The mapping is configured by writing to /proc/<pid>/uid_map and /proc/<pid>/gid_map. A typical mapping like 0 100000 65536 means container UIDs 0-65535 map to host UIDs 100000-165535. This requires either root on the host or entries in /etc/subuid and /etc/subgid that grant ranges to unprivileged users.
The trade-off is complexity and compatibility. Some operations inside rootless containers behave differently — for example, mknod for device files is restricted because the kernel checks the host UID for device access. Network namespace setup requires workarounds (like slirp4netns instead of veth pairs) because creating network interfaces needs real CAP_NET_ADMIN on the host.
Despite these trade-offs, rootless containers are a significant security improvement and are the default in Podman. For production environments where the threat model includes container escape, running rootless eliminates the most dangerous scenario: an attacker gaining root on the host.

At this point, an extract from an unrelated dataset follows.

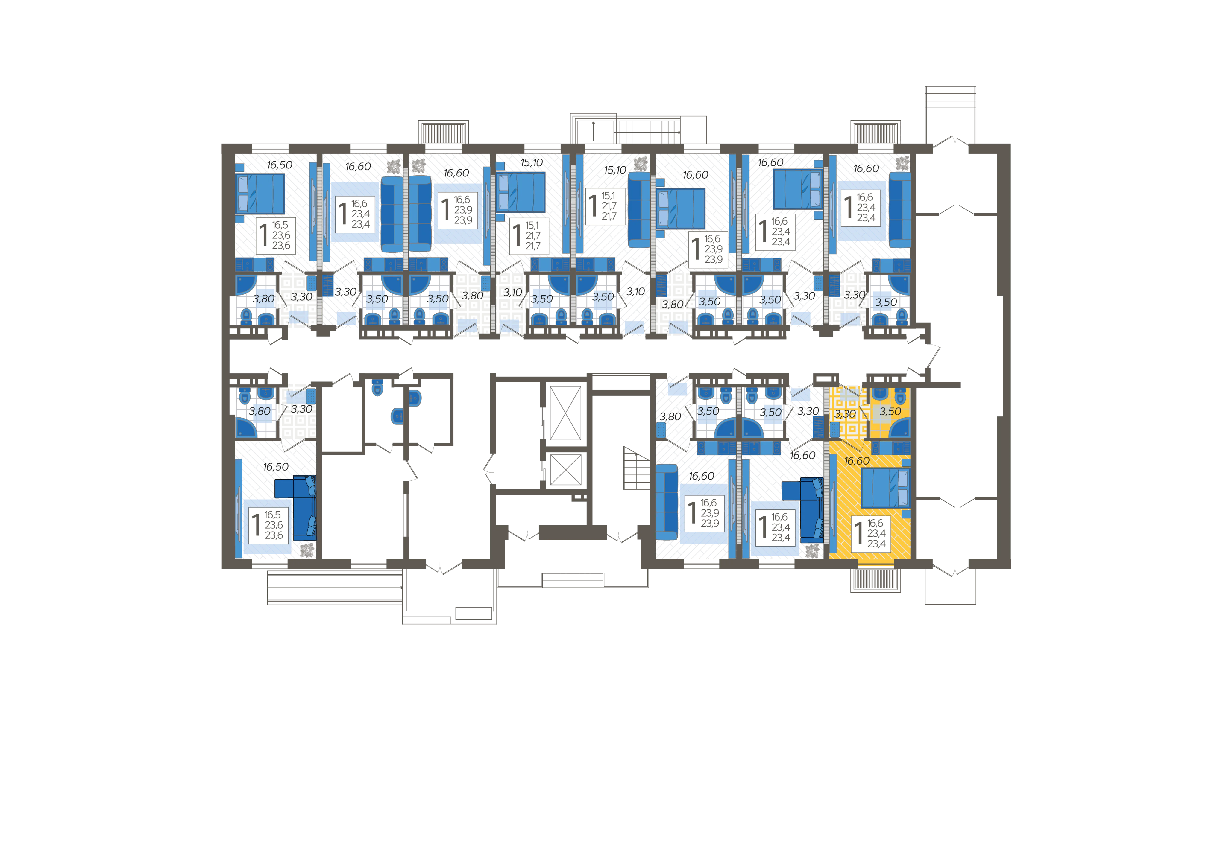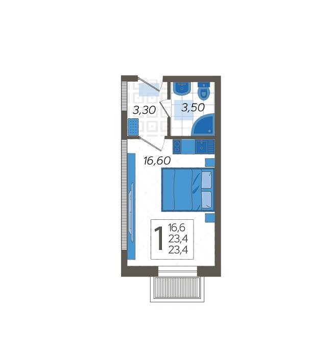 - Жилая площадь 16.6 м²

Follow-up: If user namespaces are so beneficial, why did Docker not enable them by default from the start?Primarily because of the compatibility burden. When user namespaces are enabled, every file in the container image is accessed as the mapped (unprivileged) host UID. This breaks volume mounts where the host directory is owned by a different user, breaks images that expect real root capabilities (like installing packages), and introduces subtle permission errors with shared storage. Docker chose operational simplicity over security by default. Podman made the opposite bet, choosing rootless by default and absorbing the compatibility pain. The industry has gradually shifted toward rootless as the ecosystem adapted, but the transition took years.